--- PROBLEM DESCRIPTION ---
This task calls for the lines below starting at the one containing "Perfect size with" and ending at the one containing "Der humoristische Katzen", repeated exactly with both ends kept and pictures left out.
SOURCE DATA below:
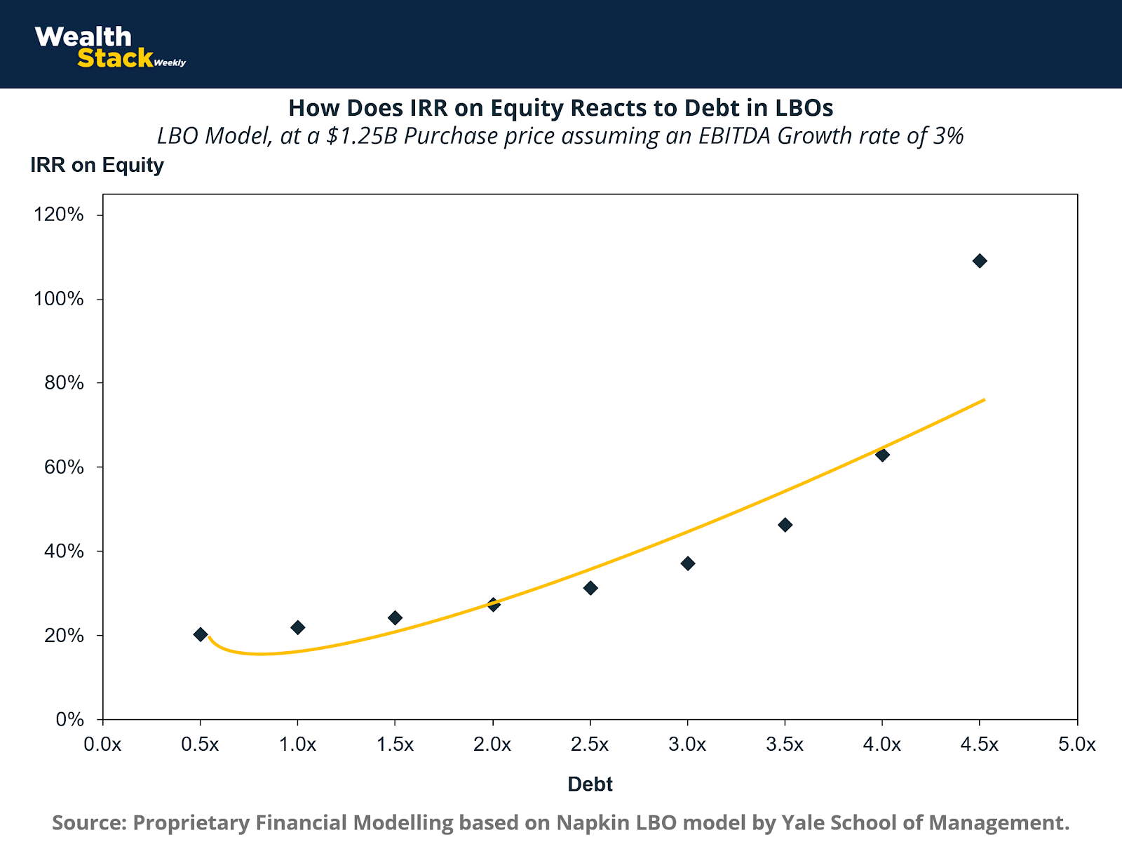 Equity returns respond non-linearly to increases in leverage. As debt levels rise, equity becomes more sensitive to changes in enterprise value and cash flow performance. Initial increases in leverage tend to raise equity IRR, but the relationship is convex: the marginal benefit of additional leverage declines as financial risk increases.
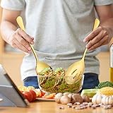 Perfect size with perfect size of 98 inch large enough to pick up foods to avoid spillage perfect for serving soup curries rice salad vegetable appetizer party platters and other foods Decent quality this gold serving spoon set is constructed by premium stainless steel rust resistant sturdy and solid structure ensure its durability will not bent to serve you well for years to come
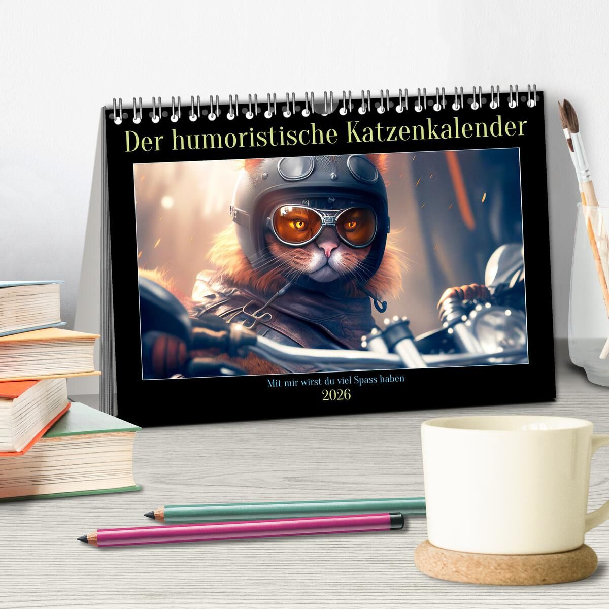 Der humoristische Katzen Kalender (Tischkalender 2026 DIN A5 quer), CALVENDO Monatskalender
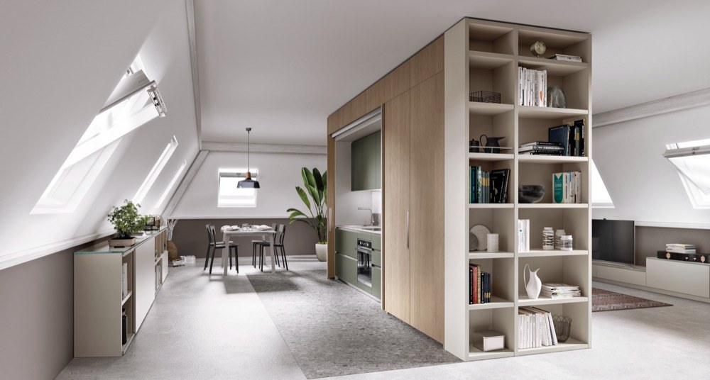 Kompaktní řešení nemá tak pevné obrysy jako interiér přímočaře rozdělený pevnými stěnami a o to větší důslednost vyžaduje. Tam, kde se stírají hranice mezi denní a noční částí, musíme vzít v úvahu dělení na tři základní funkční zóny. První je komunikační, která prochází celým obytným prostorem a představuje tak základní osu dispozice. Druhá je tzv. zóna činností, zahrnující místa, a tedy i nábytek včetně doplňků pro různé domácí činnosti a třetí je zóna úložná, určená pro skladování. Platí, že v každém interiéru je právě toto pověstným základem, na kterém můžeme stavět...
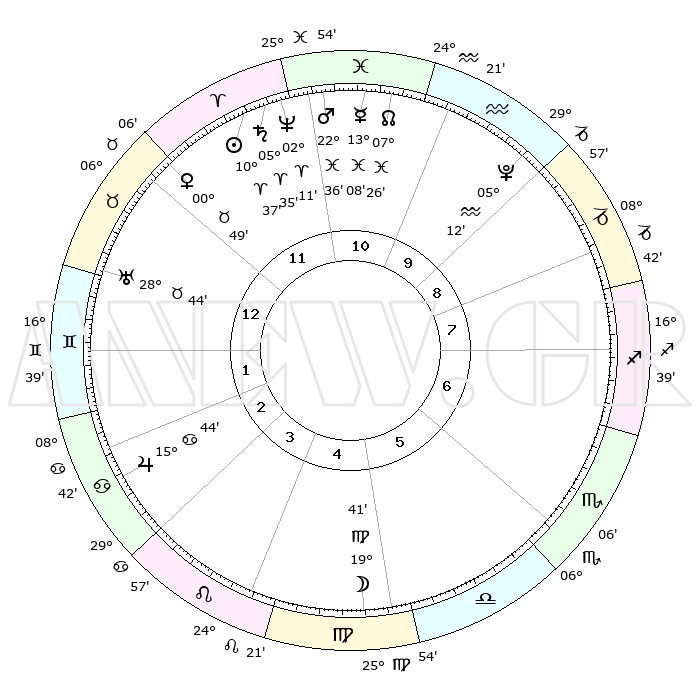 | | ΘΕΣΕΙΣ ΠΛΑΝΗΤΩΝ ΑΣΤΡΟΛΟΓΙΚΟΥ ΧΑΡΤΗ ΤΗΣ ΣΤΙΓΜΗΣ ΑΥΤΗΣ | | | | Πλανήτης | Ζώδιο | Μοίρες | Δεκαήμ. | Σε οίκο | Απόκλιση | | Ακμές των οίκων | | Ηλιος | Κριός | 10°33' | Δεύτερο | 12 | 04 N 11 | | 1ος | 22°36' | Ταύρος | | Σελήνη | Παρθένος | 18°55' | Δεύτερο | 5 | 03 N 32 | | 2ος | 19°00' | Δίδυμοι | | Ερμής | Ιχθείς | 13°06' | Δεύτερο | 11 | 07 S 44 | | 3ος | 10°46' | Καρκίνος | | Αφροδίτη | Ταύρος | 00°44' | Πρώτο | 12 | 11 N 17 | | 4ος | 03°03' | Λέων | | Αρης | Ιχθείς | 22°33' | Τρίτο | 11 | 03 S 55 | | 5ος | 00°19' | Παρθένος | | Δίας | Καρκίνος | 15°44' | Δεύτερο | 3 | 22 N 52 | | 6ος | 07°29' | Ζυγός | | Κρόνος | Κριός | 05°34' | Πρώτο | 11 | 00 N 15 | | 7ος | 22°36' | Σκορπιός | | Ουρανός | Ταύρος | 28°44' | Τρίτο | 1 | 19 N 42 | | 8ος | 19°00' | Τοξότης | | Ποσειδώνας | Κριός | 02°11' | Πρώτο | 11 | 00 S 20 | | 9ος | 10°46' | Αιγόκερως | | Πλούτωνας | Υδροχόος | 05°12' | Πρώτο | 10 | 22 S 47 | | 10ος | 03°03' | Υδροχόος | | Β. Δεσμός | Ιχθείς | 07°27' | Πρώτο | 11 | 08 S 47 | | 11ος | 00°19' | Ιχθείς | | Ωροσκόπος | Ταύρος | 22°36' | Τρίτο | | | 12ος | 07°29' | Κριός | | Μεσουράνημα | Υδροχόος | 03°03' | Πρώτο | | | |
End of SOURCE DATA.
--- OUTPUT OF THE TASK ---
 Perfect size with perfect size of 98 inch large enough to pick up foods to avoid spillage perfect for serving soup curries rice salad vegetable appetizer party platters and other foods Decent quality this gold serving spoon set is constructed by premium stainless steel rust resistant sturdy and solid structure ensure its durability will not bent to serve you well for years to come
 Der humoristische Katzen Kalender (Tischkalender 2026 DIN A5 quer), CALVENDO Monatskalender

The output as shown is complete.